An Amazon warehouse worker who joined SOC during a news conference Wednesday suggested that the OSHA figures may actually underestimate the true number of worker injuries.
“The reports that Amazon is putting out there don’t represent what’s actually happening in the warehouse,” said Daniel Rivera. He said he suffered heat-related health issues last summer because of a lack of circulation at the Amazon Air Hub in San Bernardino, Calif., where he works.
“I’m sure my heat-related injury was not documented,” Rivera said, adding that he fears retaliation because he has spoken up about working conditions and is involved with Inland Empire Amazon Workers United, a group that is trying to organize the company’s workers.
Amazon on Wednesday pushed back on the SOC report and said “the truth is clearly outlined” in its own safety report, which it released last month.
“It’s unsurprising that a self-interested group like this would work to twist the facts to paint an inaccurate picture,” Kelly Nantel, an Amazon spokesperson, said in an emailed statement.

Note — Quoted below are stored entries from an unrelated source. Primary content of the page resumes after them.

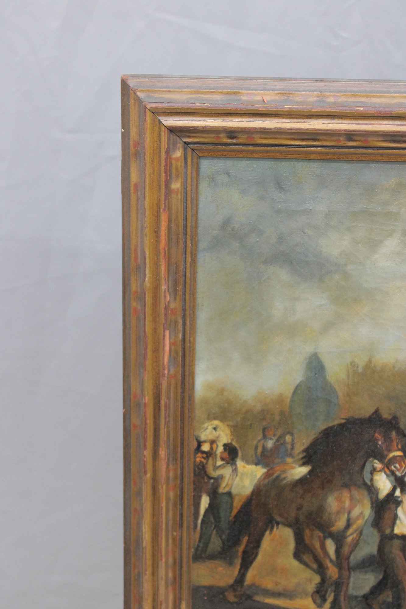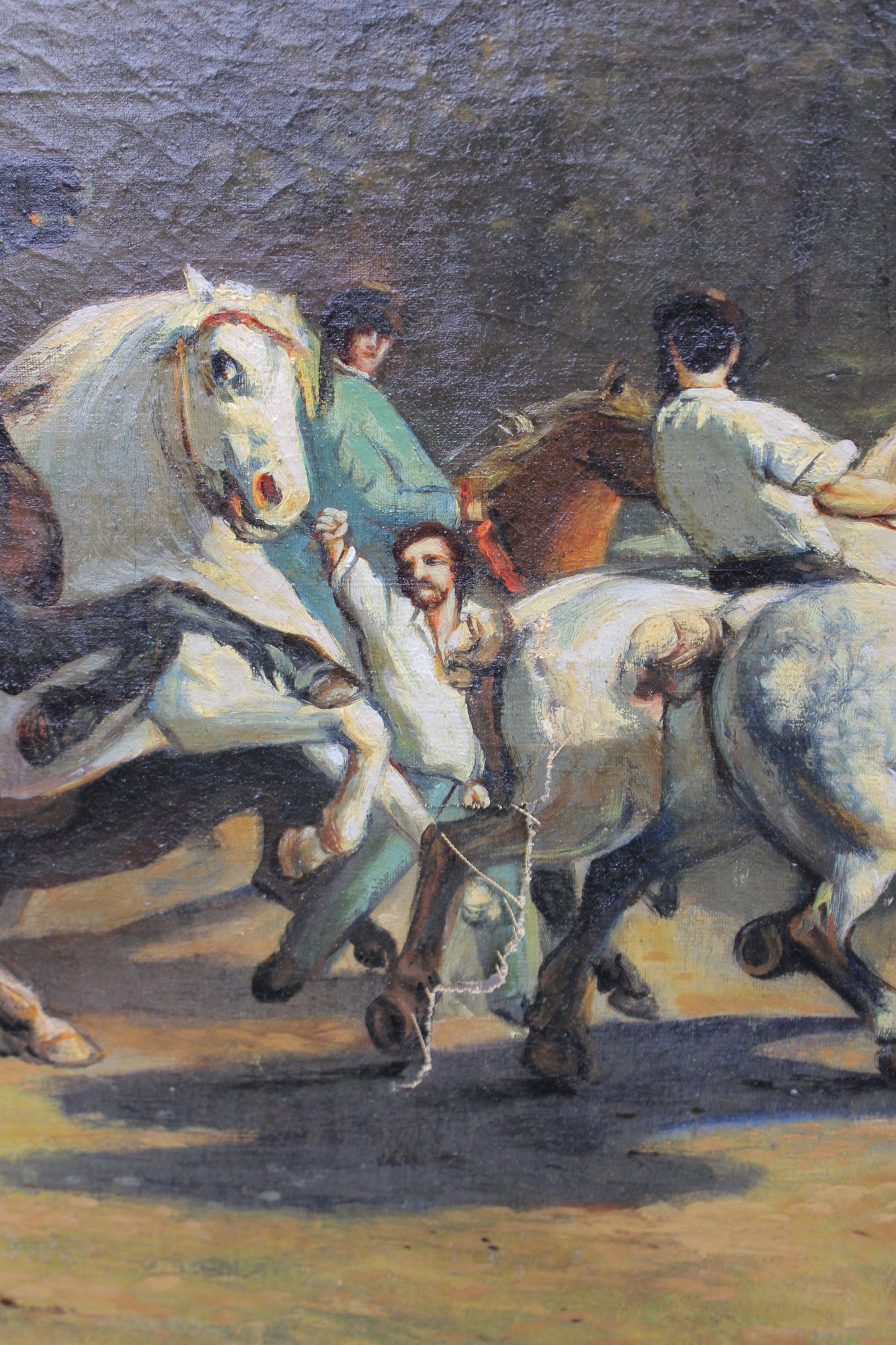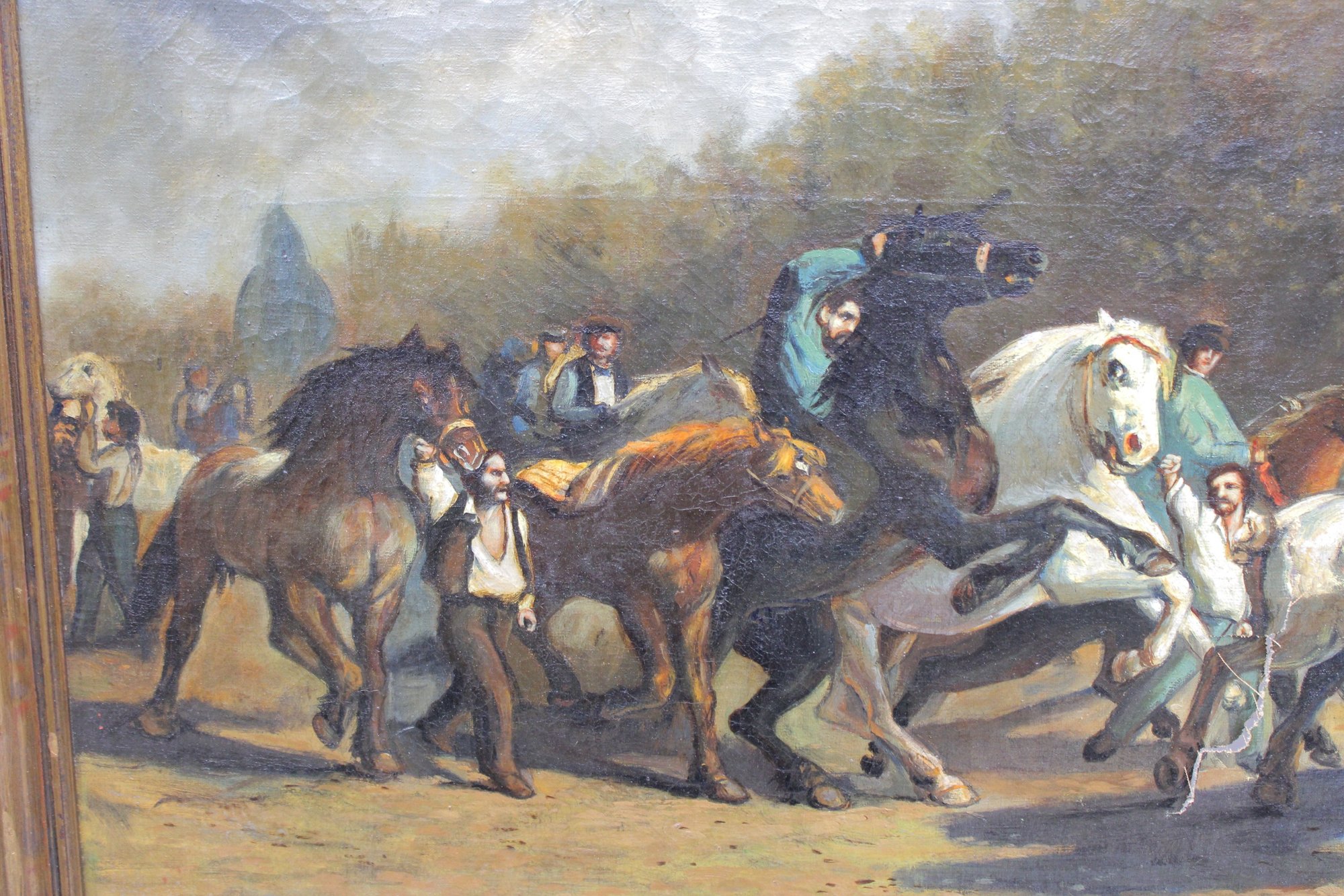 This signed oil on canvas painting titled “The Horse Fair” depicts a lively and animated equestrian market scene, with riders, handlers, and horses gathered in energetic motion. The composition captures the controlled chaos of a horse fair, with rearing and straining animals rendered through expressive brushwork and strong anatomical detail.
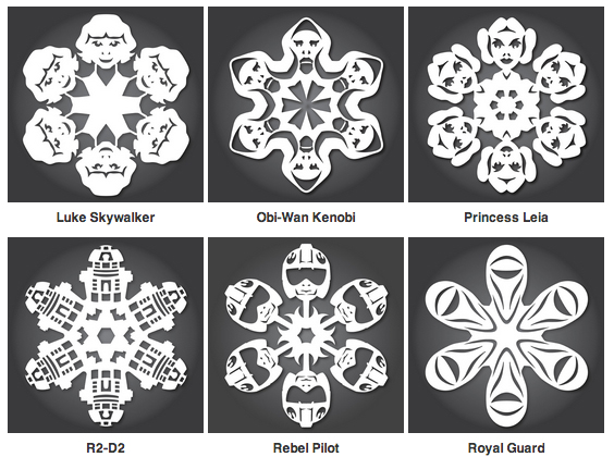 PDFs of these and a whole slew of other Star Wars snowflake designs (I particularly like the X-Wing) are available for free at Anthony Herrera Designs. (Laughing Squid)
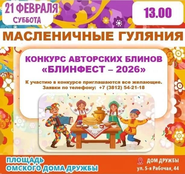 В рамках грандиозного Масленичного гуляния на площади Омского Дома Дружбы состоится главная гастрономическая битва — конкурс авторских блинов «БЛИНФЕСТ»!
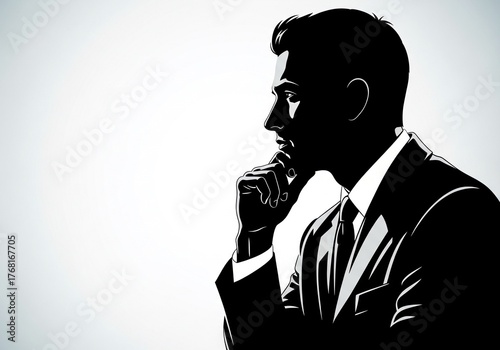business, man, silhouette, thinking, contemplation, strategy, decision, professional, modern, corporate, executive, thoughtful, serious, concept, idea, planning, success, leadership, sharpened, insight, intelligence, analysis, consideration, pondering, entrepreneur, career, ambition, wisdom, profile, head, suit, attaching, gesture, hand, chin, black, white, minimalist, graphic, clean, sharp, determined, confident, decisive, deep
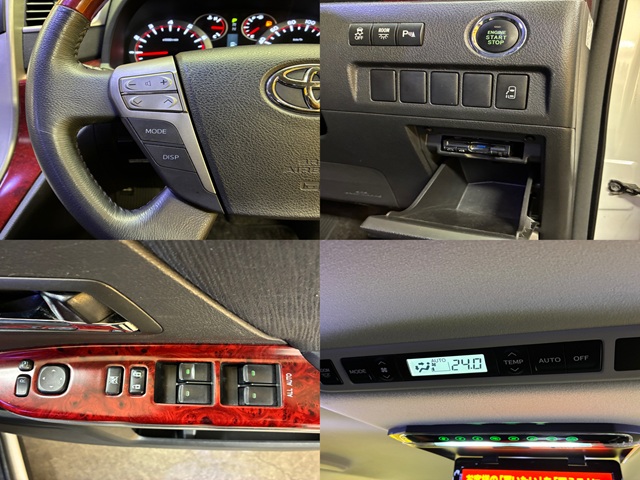 純正HDDナビ 地デジフルセグTV CD DVD Bluetooth サイド・フロント・バックカメラ ビルトインETC 革巻きハンドル ステアリングスイッチ ウィンカー付き電動格納ミラー オートエアコン デュアルエアコン リアクーラー クルーズコントロール 両側パワースライドドア パワーバックドア クリアランスソナー シートヒーター 純正フリップダウンモニター 2列目オットマン付きキャプテンシート オートライト HIDヘッドライト フォグ 社外18インチAW 車検2年付
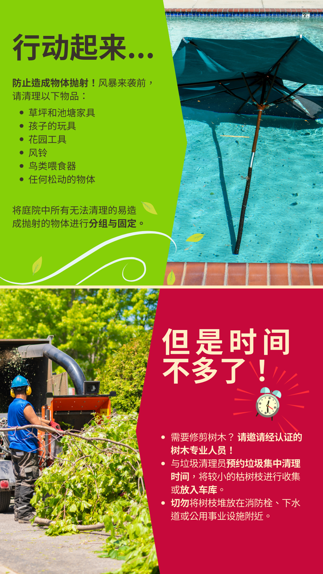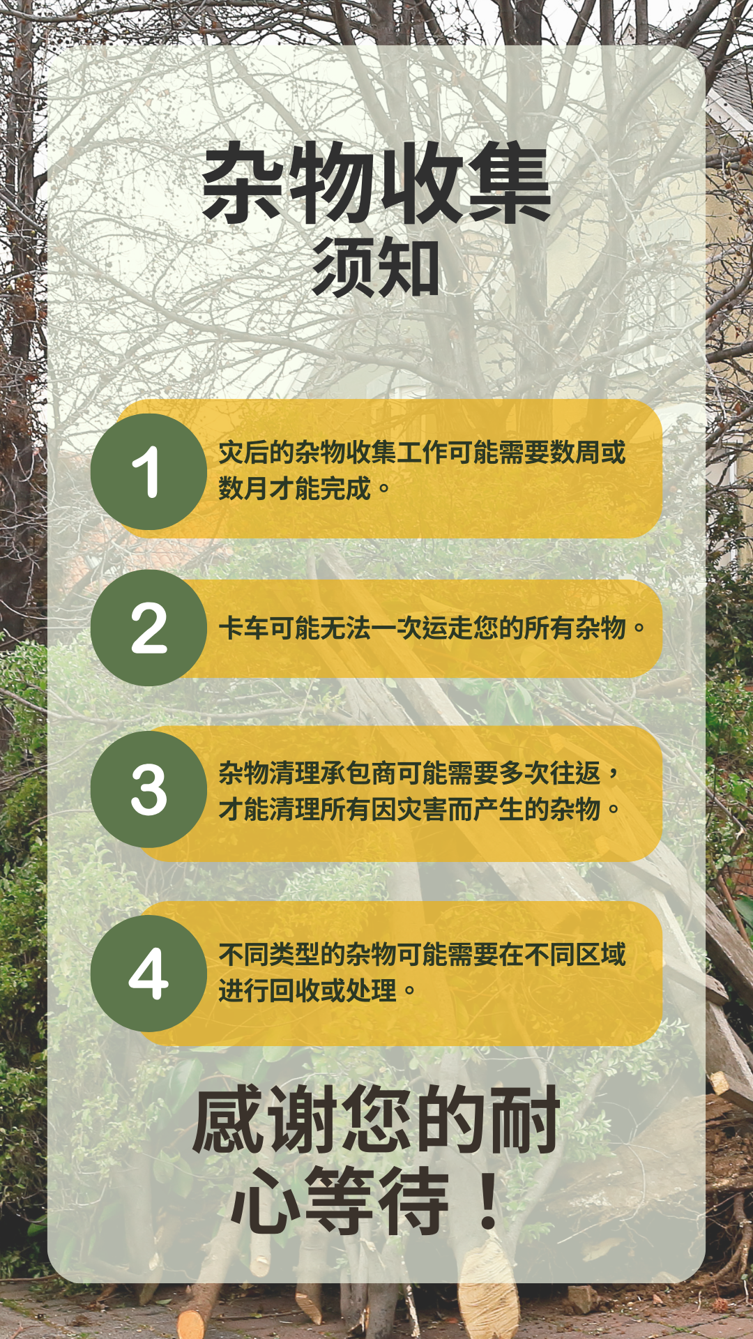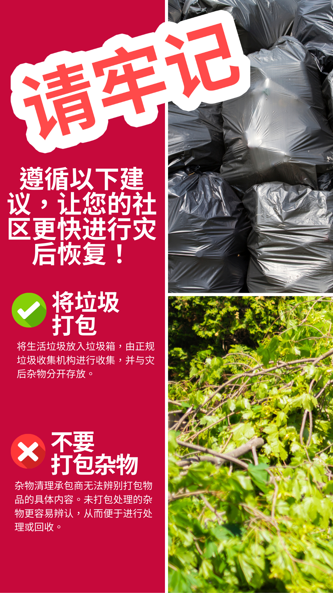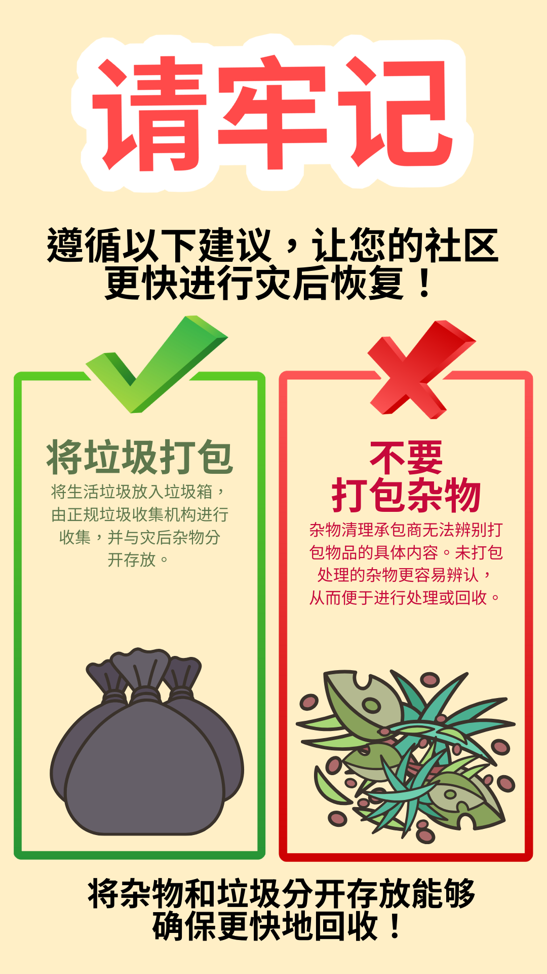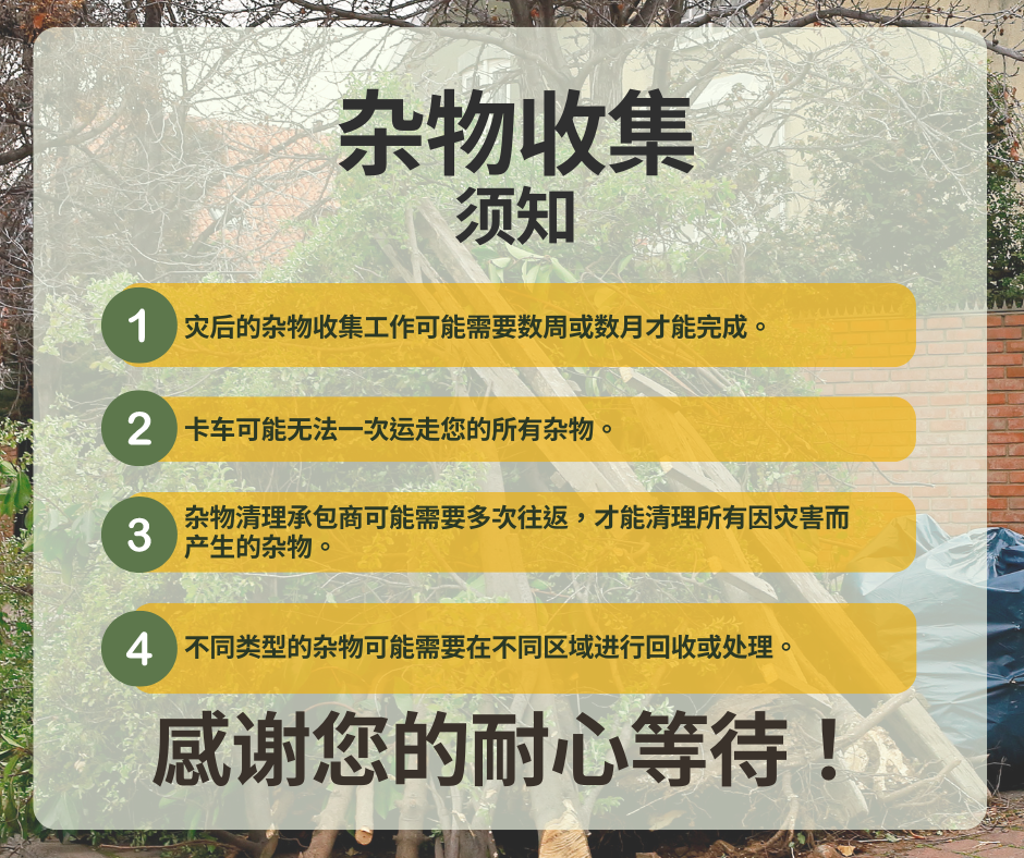 杂物和垃圾 为加快灾后杂物清理工作,请遵循以下贴士: 🚫请勿将杂物打包 👌请将普通垃圾打包 将杂物与垃圾分开存放将有利于社区加快灾后恢复工作进程! 要查看更多信息,请访问 www.putlinkhere.com。感谢您的配合。 #灾后杂物 #灾后恢复 |

Amazon’s own workplace-safety report showed some improvements, including an 11% year-over-year decline in what it calls recordable incident rates. Another company spokesperson also took issue with what the SOC used as a metric for serious injuries — DART (days away, restricted and transferred), a metric used by OSHA — and said Amazon prefers to look at lost-time incident rates, or “the most serious injuries that require someone to take time off,” as a more accurate gauge of serious injuries. That rate was down 53% from 2019 to 2022, Amazon’s report said.
Eric Frumin, the SOC’s health and safety director, said Wednesday during the group’s news conference that “DART is a pretty widely accepted metric in industry, policy circles and the government for evaluating companies’ safety programs.”
The SOC has repeatedly criticized and challenged Amazon’s reporting of its injury rates, including in its report this year. The group last year also wrote a letter to the Securities and Exchange Commission asking it to investigate “false and misleading health and safety disclosures” by Amazon. The group has not received a response from the SEC, according to an SOC spokesperson.
Amazon investors are watching the company’s worker-related issues. Last year, a first-time shareholder resolution calling for an audit of warehouse working conditions received 44% of overall shareholder votes, or 53.4% if insider votes were excluded.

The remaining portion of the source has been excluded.